Work required >>
Once you reach the line containing "左:落ち着いた雰囲気の店内 右:天ぷら割子" in the entries below, write out that line and each one after it down to the line containing "Ten zestaw upominkowy", exactly and with nothing added.

::: Given records :::

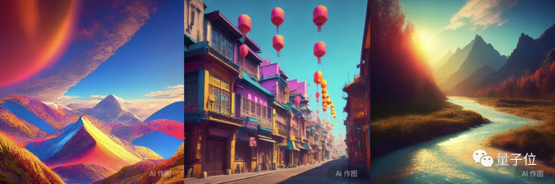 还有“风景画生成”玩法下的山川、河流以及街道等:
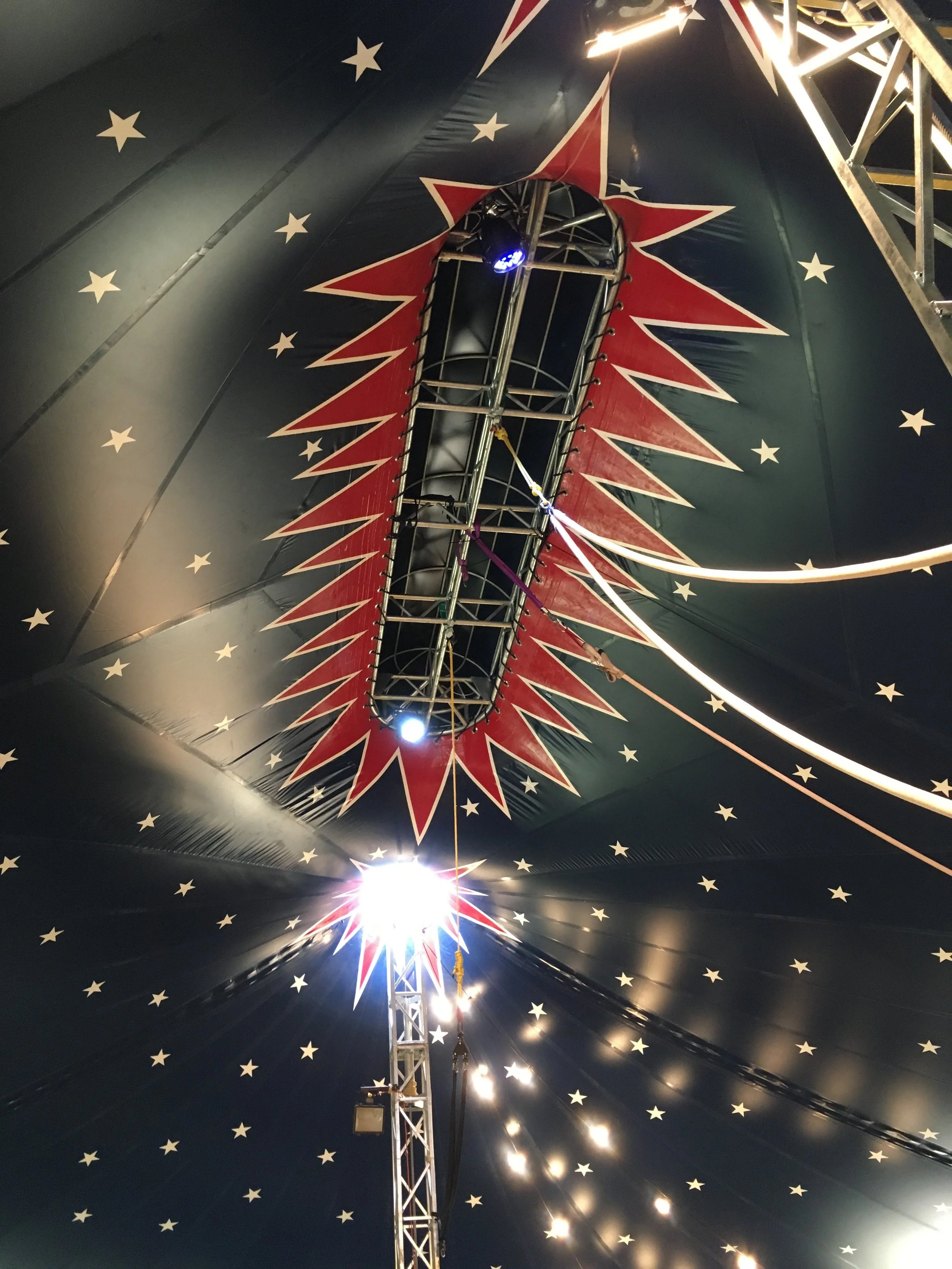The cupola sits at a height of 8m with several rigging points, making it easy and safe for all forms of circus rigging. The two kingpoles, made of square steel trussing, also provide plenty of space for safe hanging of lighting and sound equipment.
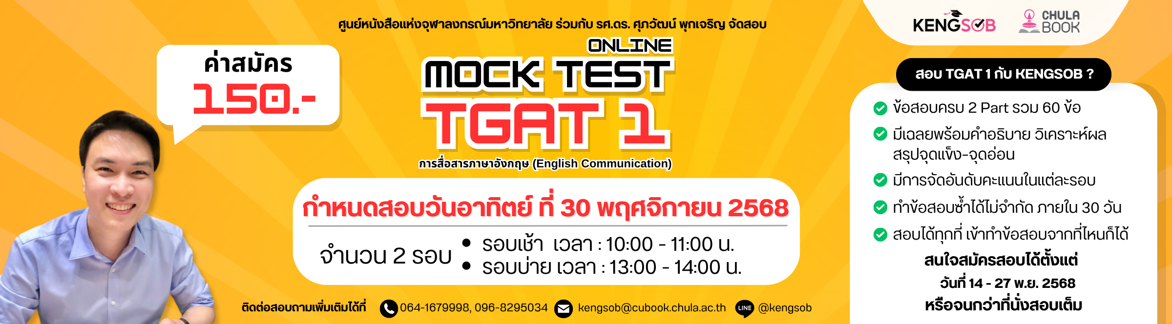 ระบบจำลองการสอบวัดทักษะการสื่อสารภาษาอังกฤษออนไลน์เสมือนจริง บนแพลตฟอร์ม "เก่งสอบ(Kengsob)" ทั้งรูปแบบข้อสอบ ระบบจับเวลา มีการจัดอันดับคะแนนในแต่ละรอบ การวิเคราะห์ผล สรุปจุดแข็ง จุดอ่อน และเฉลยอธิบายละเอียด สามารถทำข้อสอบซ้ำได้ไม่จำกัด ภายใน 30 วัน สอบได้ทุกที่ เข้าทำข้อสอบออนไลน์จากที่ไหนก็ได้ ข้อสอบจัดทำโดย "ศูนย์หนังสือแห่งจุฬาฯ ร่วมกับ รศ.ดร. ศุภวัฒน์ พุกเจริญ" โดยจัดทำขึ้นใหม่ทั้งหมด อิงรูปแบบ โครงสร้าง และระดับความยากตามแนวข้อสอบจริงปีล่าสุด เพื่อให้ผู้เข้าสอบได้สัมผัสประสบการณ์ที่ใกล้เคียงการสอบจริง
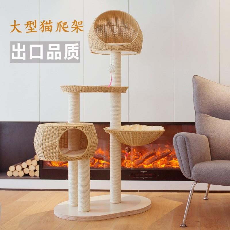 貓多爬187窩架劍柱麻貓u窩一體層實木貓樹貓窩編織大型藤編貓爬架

:::
::: Given records :::

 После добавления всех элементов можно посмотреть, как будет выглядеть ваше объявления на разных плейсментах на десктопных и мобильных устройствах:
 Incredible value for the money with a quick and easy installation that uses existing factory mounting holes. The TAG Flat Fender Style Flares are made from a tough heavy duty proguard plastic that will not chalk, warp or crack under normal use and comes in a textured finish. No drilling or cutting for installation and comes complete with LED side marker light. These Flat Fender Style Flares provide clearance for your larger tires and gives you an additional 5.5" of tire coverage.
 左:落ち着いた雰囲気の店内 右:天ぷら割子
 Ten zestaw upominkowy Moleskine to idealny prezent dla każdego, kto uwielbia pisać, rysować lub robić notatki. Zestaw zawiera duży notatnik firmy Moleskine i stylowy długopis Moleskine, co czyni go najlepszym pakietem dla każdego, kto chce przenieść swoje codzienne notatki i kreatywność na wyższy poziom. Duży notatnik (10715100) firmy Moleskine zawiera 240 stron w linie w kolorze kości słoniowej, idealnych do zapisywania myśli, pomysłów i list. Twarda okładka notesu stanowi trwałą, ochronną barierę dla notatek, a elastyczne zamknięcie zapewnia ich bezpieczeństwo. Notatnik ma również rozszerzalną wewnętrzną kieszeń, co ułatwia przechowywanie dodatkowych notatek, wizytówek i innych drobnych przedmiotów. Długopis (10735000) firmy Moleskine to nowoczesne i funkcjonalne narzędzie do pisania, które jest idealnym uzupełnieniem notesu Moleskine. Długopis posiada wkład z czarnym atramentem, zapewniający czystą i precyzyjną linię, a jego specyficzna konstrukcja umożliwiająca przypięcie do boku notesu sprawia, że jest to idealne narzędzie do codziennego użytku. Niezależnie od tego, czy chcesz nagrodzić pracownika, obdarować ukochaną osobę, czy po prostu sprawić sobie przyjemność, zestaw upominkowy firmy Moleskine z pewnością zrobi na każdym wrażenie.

:::
::: Given records :::

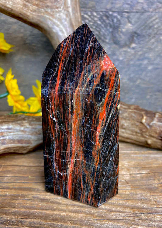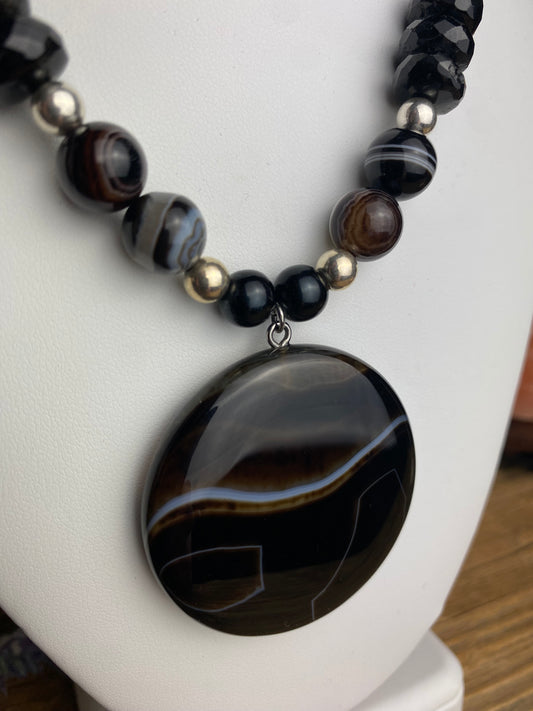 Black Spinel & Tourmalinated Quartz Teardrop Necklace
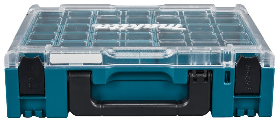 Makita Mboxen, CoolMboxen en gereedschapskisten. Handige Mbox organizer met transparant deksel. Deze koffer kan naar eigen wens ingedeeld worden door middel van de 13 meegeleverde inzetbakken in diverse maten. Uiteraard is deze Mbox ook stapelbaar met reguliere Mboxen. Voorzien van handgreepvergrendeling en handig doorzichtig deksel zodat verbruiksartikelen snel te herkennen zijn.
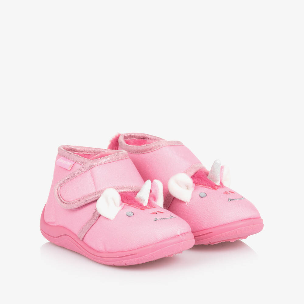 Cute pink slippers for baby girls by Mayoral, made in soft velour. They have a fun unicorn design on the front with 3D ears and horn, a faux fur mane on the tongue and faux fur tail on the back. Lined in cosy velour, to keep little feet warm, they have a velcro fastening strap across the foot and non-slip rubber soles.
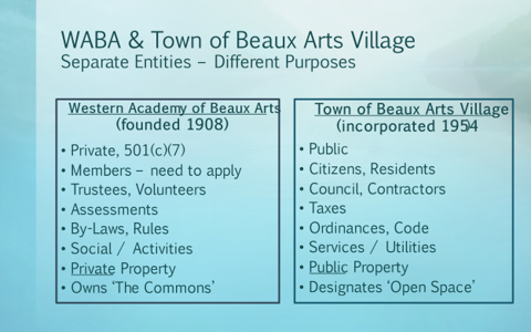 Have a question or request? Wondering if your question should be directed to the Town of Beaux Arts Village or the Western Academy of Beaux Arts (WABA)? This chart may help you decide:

:::

Response to this exercise >>
 左:落ち着いた雰囲気の店内 右:天ぷら割子
 Ten zestaw upominkowy Moleskine to idealny prezent dla każdego, kto uwielbia pisać, rysować lub robić notatki. Zestaw zawiera duży notatnik firmy Moleskine i stylowy długopis Moleskine, co czyni go najlepszym pakietem dla każdego, kto chce przenieść swoje codzienne notatki i kreatywność na wyższy poziom. Duży notatnik (10715100) firmy Moleskine zawiera 240 stron w linie w kolorze kości słoniowej, idealnych do zapisywania myśli, pomysłów i list. Twarda okładka notesu stanowi trwałą, ochronną barierę dla notatek, a elastyczne zamknięcie zapewnia ich bezpieczeństwo. Notatnik ma również rozszerzalną wewnętrzną kieszeń, co ułatwia przechowywanie dodatkowych notatek, wizytówek i innych drobnych przedmiotów. Długopis (10735000) firmy Moleskine to nowoczesne i funkcjonalne narzędzie do pisania, które jest idealnym uzupełnieniem notesu Moleskine. Długopis posiada wkład z czarnym atramentem, zapewniający czystą i precyzyjną linię, a jego specyficzna konstrukcja umożliwiająca przypięcie do boku notesu sprawia, że jest to idealne narzędzie do codziennego użytku. Niezależnie od tego, czy chcesz nagrodzić pracownika, obdarować ukochaną osobę, czy po prostu sprawić sobie przyjemność, zestaw upominkowy firmy Moleskine z pewnością zrobi na każdym wrażenie.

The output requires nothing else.